> _Data for analysis_:
————————
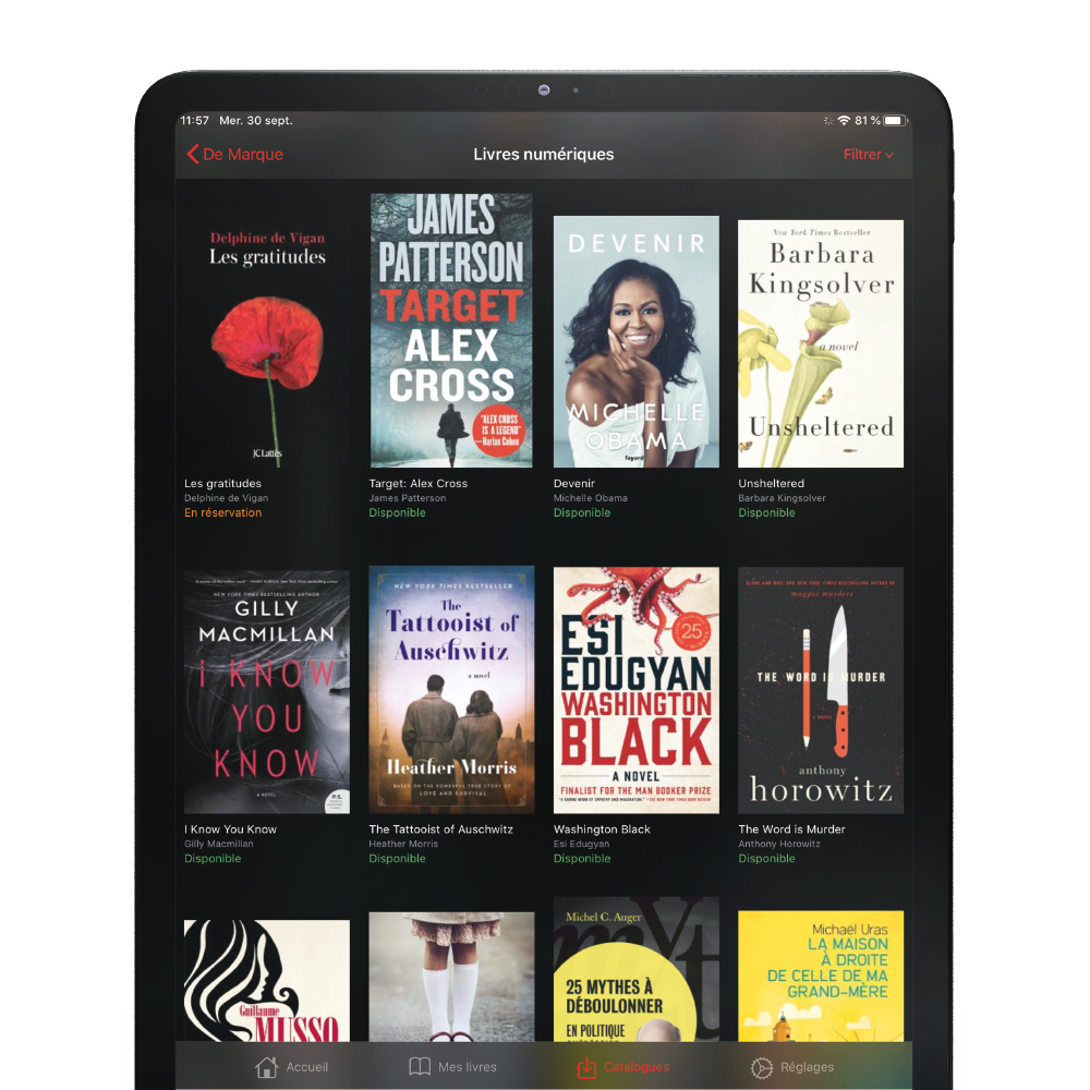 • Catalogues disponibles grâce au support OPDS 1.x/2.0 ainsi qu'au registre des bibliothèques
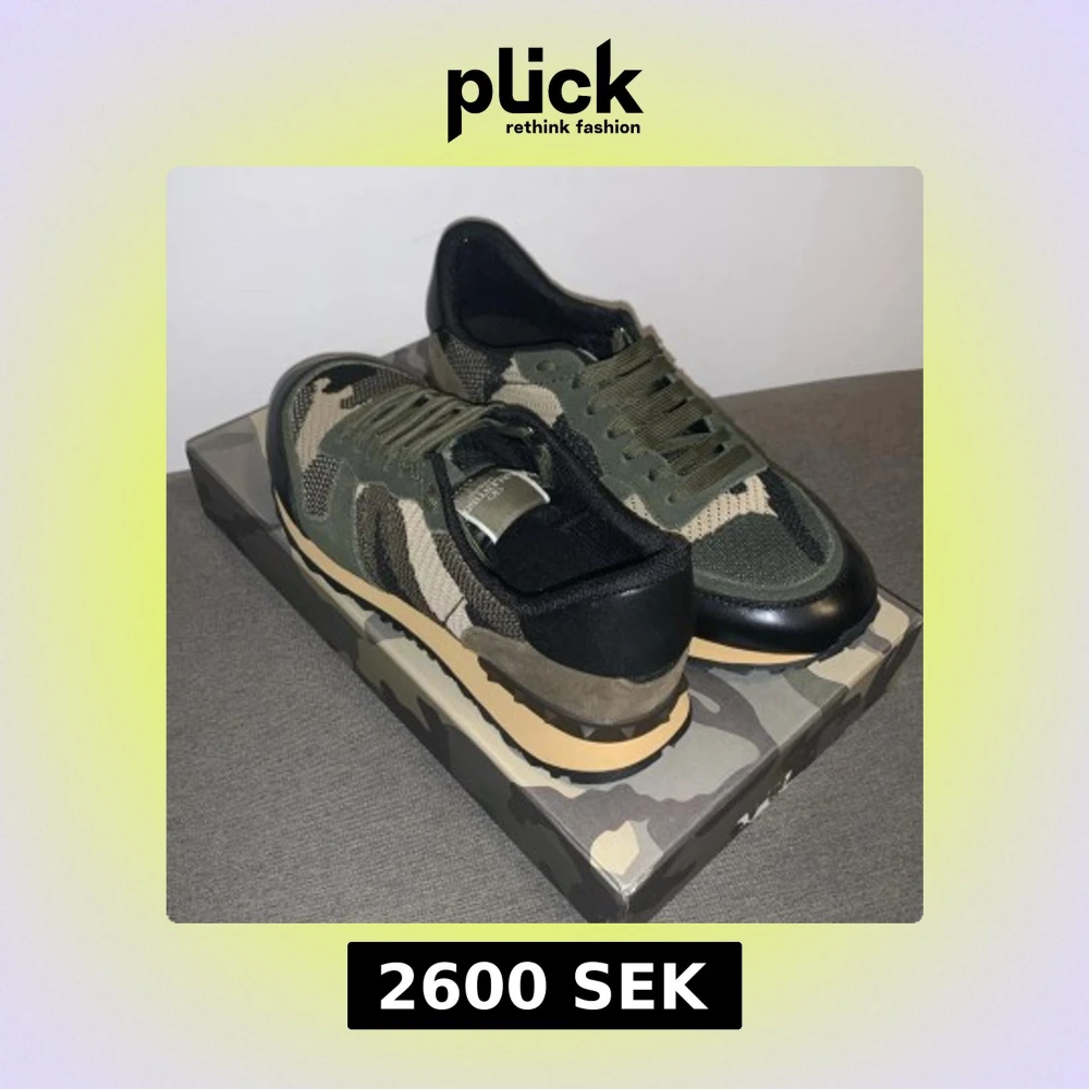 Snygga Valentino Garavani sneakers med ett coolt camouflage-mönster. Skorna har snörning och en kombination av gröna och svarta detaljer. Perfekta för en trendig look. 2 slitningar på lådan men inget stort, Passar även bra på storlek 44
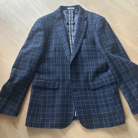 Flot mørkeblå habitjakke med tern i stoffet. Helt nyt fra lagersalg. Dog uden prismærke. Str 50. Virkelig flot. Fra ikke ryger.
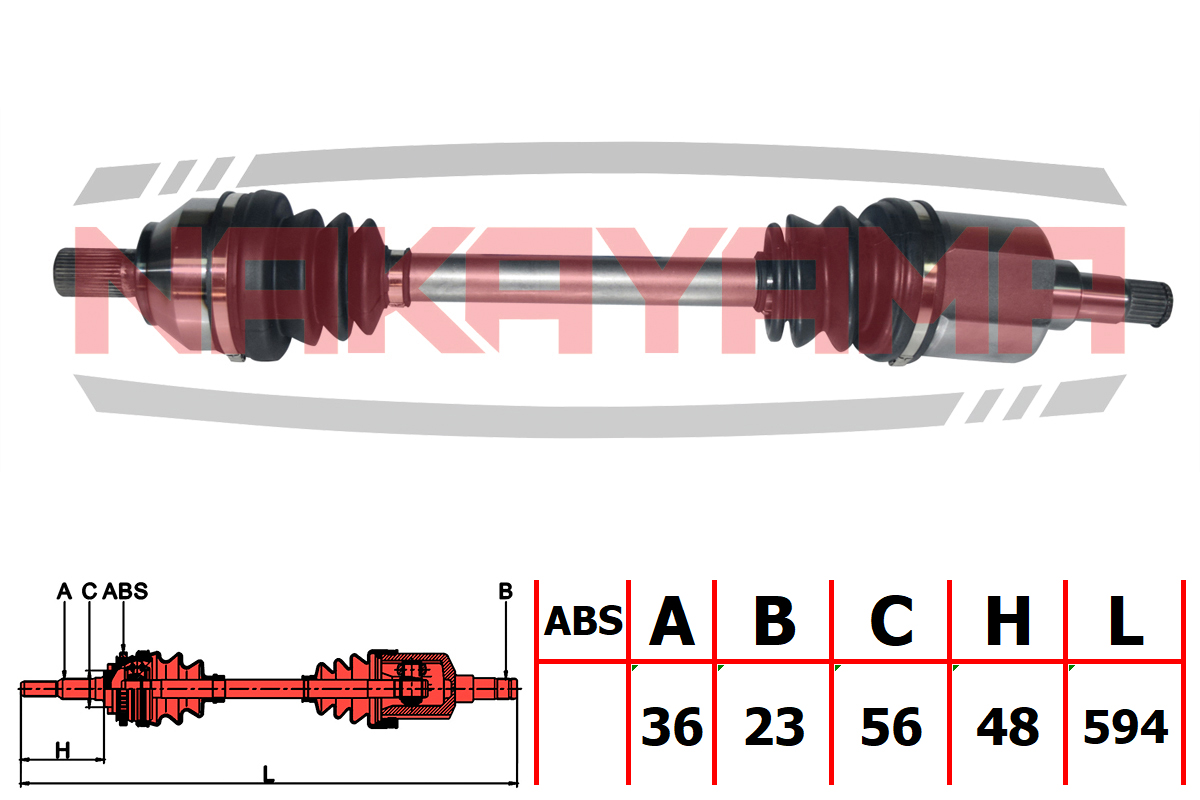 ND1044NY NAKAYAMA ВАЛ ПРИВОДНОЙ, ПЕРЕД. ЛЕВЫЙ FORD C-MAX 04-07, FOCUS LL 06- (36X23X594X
————————
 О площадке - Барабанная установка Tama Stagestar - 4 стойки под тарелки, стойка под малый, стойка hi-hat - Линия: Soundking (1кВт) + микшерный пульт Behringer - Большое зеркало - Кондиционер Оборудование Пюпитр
————————
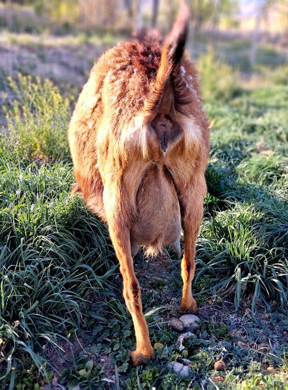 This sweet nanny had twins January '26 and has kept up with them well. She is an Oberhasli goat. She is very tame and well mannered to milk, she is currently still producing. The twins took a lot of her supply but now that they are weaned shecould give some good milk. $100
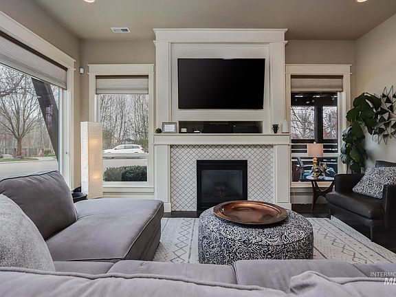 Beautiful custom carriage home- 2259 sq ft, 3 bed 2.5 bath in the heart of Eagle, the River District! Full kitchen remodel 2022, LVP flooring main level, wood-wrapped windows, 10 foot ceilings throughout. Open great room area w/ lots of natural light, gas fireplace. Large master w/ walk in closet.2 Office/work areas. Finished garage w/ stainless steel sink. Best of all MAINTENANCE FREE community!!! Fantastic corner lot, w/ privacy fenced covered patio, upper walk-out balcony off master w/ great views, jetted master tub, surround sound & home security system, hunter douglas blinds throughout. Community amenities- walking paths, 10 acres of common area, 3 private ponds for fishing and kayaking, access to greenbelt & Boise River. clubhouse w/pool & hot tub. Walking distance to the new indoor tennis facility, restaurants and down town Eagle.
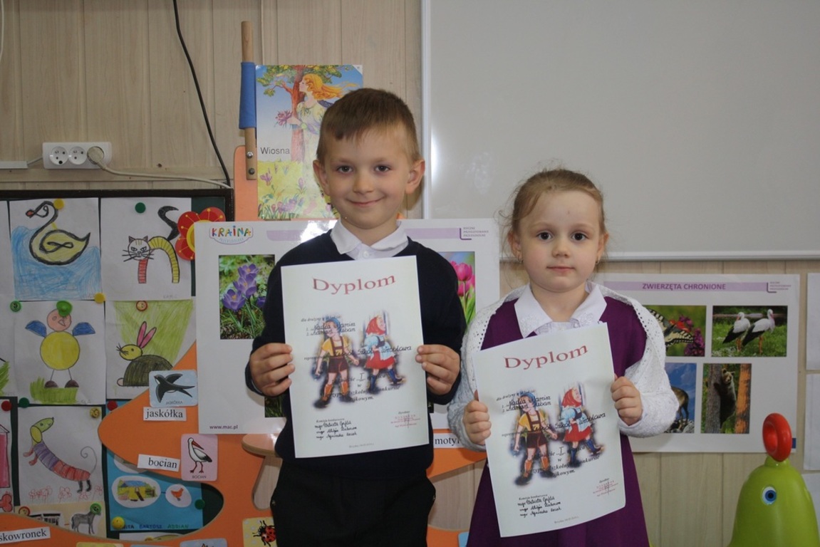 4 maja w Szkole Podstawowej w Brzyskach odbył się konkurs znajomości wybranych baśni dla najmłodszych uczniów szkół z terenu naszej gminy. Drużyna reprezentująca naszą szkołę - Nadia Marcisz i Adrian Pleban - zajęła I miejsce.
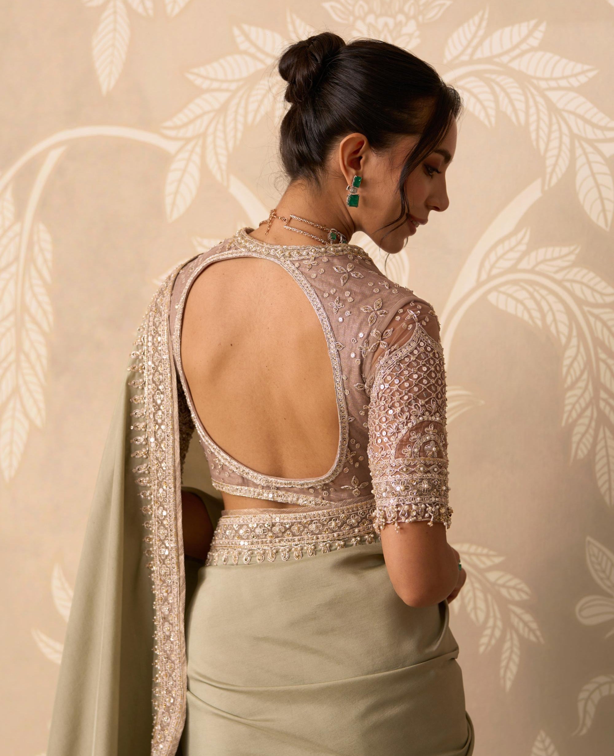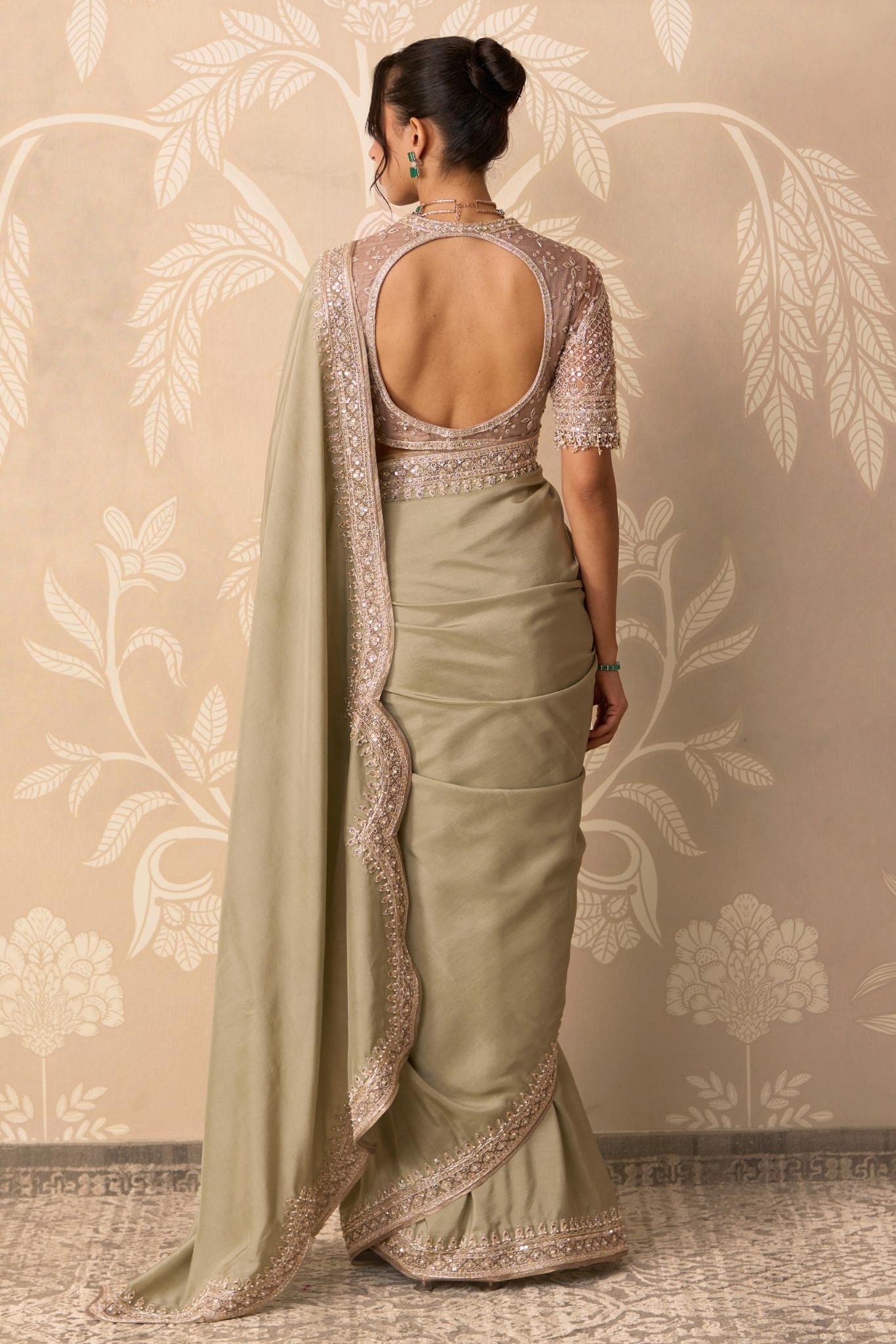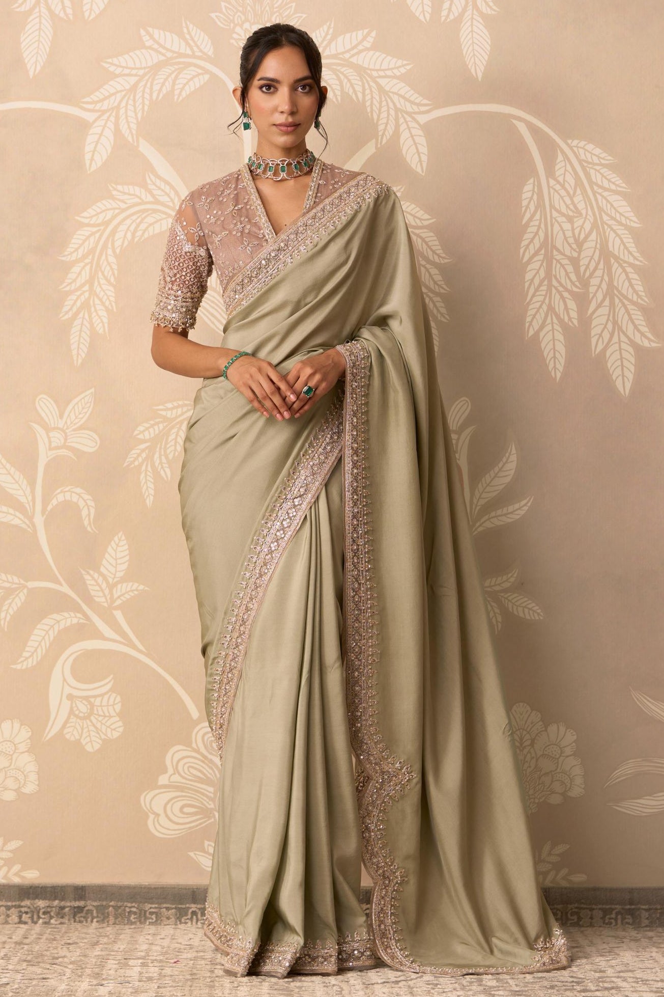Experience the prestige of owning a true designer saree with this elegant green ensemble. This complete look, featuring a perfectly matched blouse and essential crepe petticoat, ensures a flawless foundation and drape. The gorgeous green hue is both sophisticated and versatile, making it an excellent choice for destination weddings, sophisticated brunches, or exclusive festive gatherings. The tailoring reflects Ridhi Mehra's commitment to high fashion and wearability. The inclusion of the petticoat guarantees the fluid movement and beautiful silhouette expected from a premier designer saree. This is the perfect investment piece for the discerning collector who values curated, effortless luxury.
————————
> _What the task asks_: Work from the entries above. Set down exactly and only the lines from the line with "registre des bibliothèques" to the line with "ND1044NY NAKAYAMA ВАЛ", both included, and leave the pictures out.

> _Output_:
 • Catalogues disponibles grâce au support OPDS 1.x/2.0 ainsi qu'au registre des bibliothèques
 Snygga Valentino Garavani sneakers med ett coolt camouflage-mönster. Skorna har snörning och en kombination av gröna och svarta detaljer. Perfekta för en trendig look. 2 slitningar på lådan men inget stort, Passar även bra på storlek 44
 Flot mørkeblå habitjakke med tern i stoffet. Helt nyt fra lagersalg. Dog uden prismærke. Str 50. Virkelig flot. Fra ikke ryger.
 ND1044NY NAKAYAMA ВАЛ ПРИВОДНОЙ, ПЕРЕД. ЛЕВЫЙ FORD C-MAX 04-07, FOCUS LL 06- (36X23X594X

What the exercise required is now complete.